But . . . I survived it! I am here! I am standing on my own two feet! I am not leaning on anyone! I did it! For the first time in my life, I feel strong, I feel in control, I feel pretty darn good! The freedom that I feel everyday, is wonderful! It took me forty years to get here. It was quite a haul, it was a marathon that I did finish. And the climb to the top was worth the wait!

My boys are grown and living out on their own, however the cards were dealt, they got there. What they have been through makes them the people they are today. Strong, just like their mother. They are survivors, just as I am.

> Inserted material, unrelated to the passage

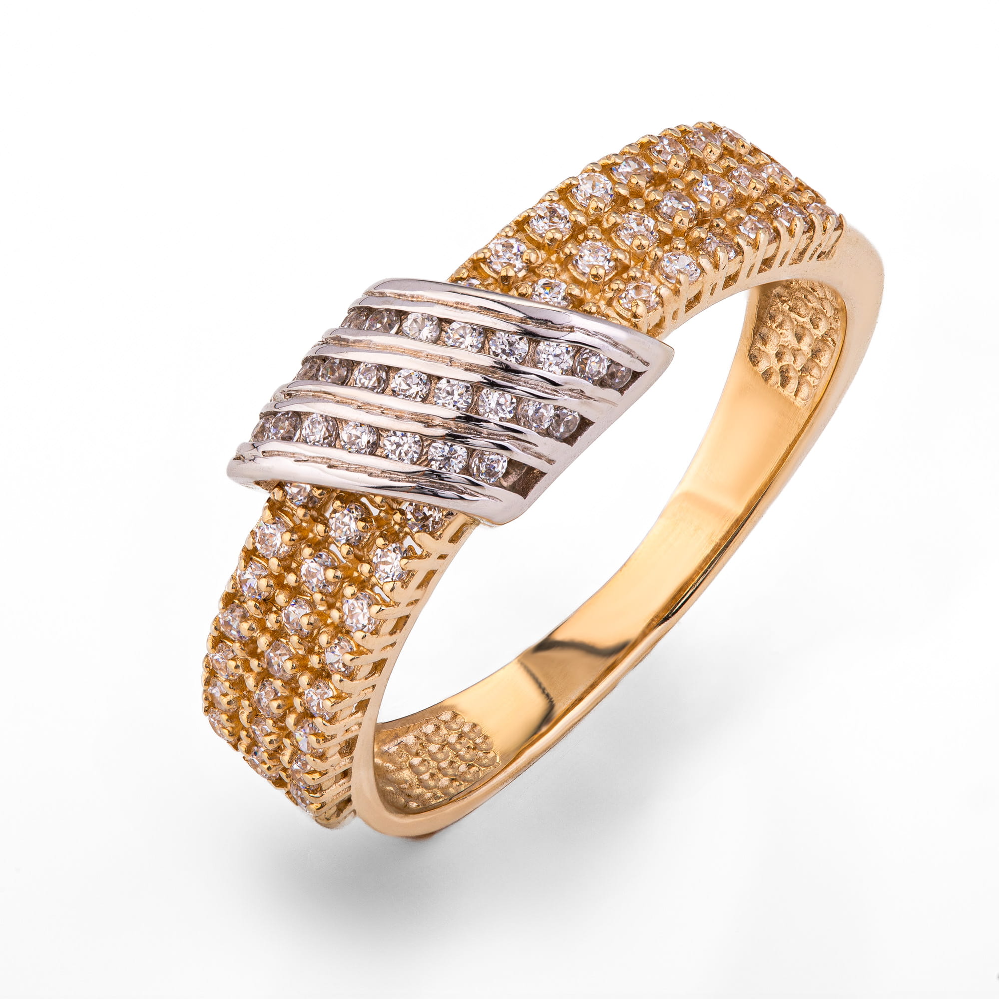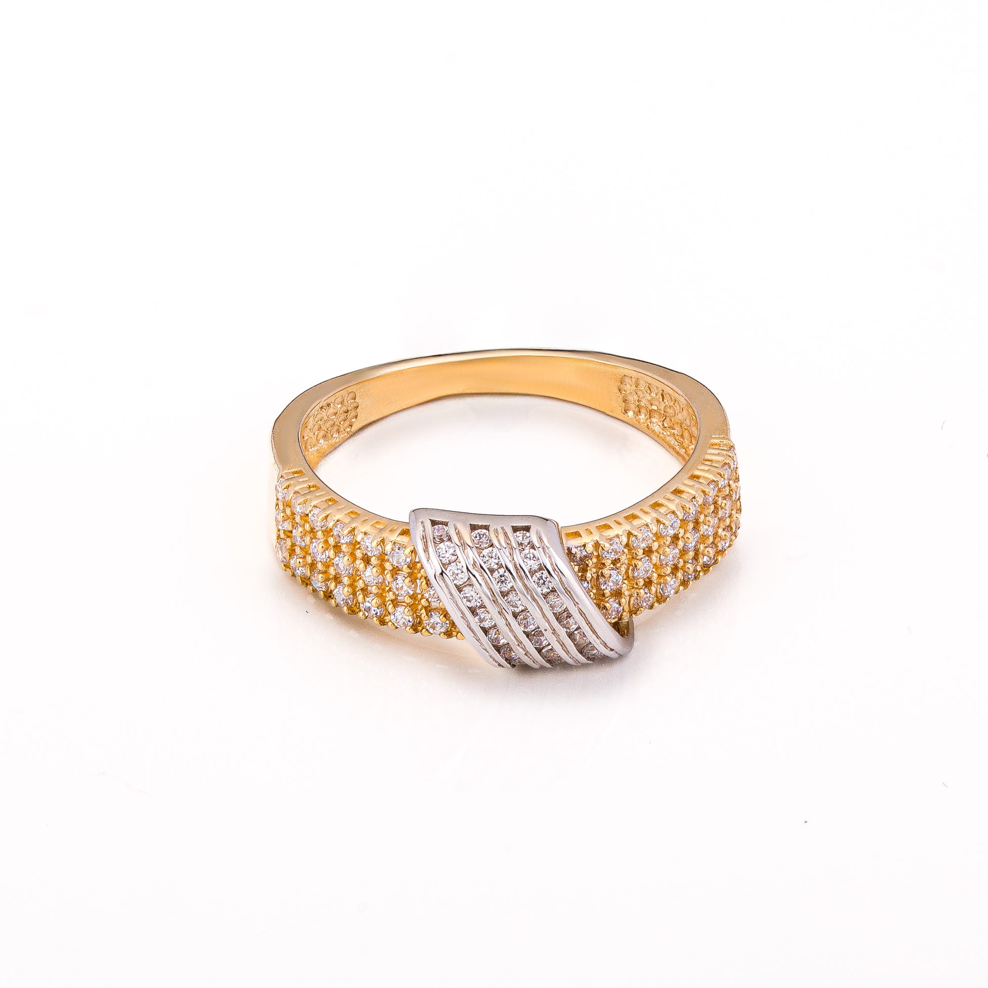 Pierścionek złoty z białym złotem p.585 dużo cyrkonii (14K), roz. 17

I am so proud of them. They were my saving grace so many times. My guardian angels, truly more times than I would like to count. Just because they shouldn’t have been there to see it.

I have moved into my own apartment. For the first time ever in my life. It is just me and my little baby, a Shih Tzu. He is there ready for love and companionship, loyally and unconditionally. I haven’t been out on my own for very long, but the feeling is really wonderful! I have a new found freedom, independence, courage...I can do whatever I feel like doing, whenever I feel like doing it. I don’t have to watch what someone else wants to watch on tv. If I feel like laying on the futon and reading all day on Saturday, HEY, I CAN! Cause it’s my “pad!” My LIFE! My choices to choose! MINE! Not living under someone else’s controlling hands. Getting up everyday and enjoying life.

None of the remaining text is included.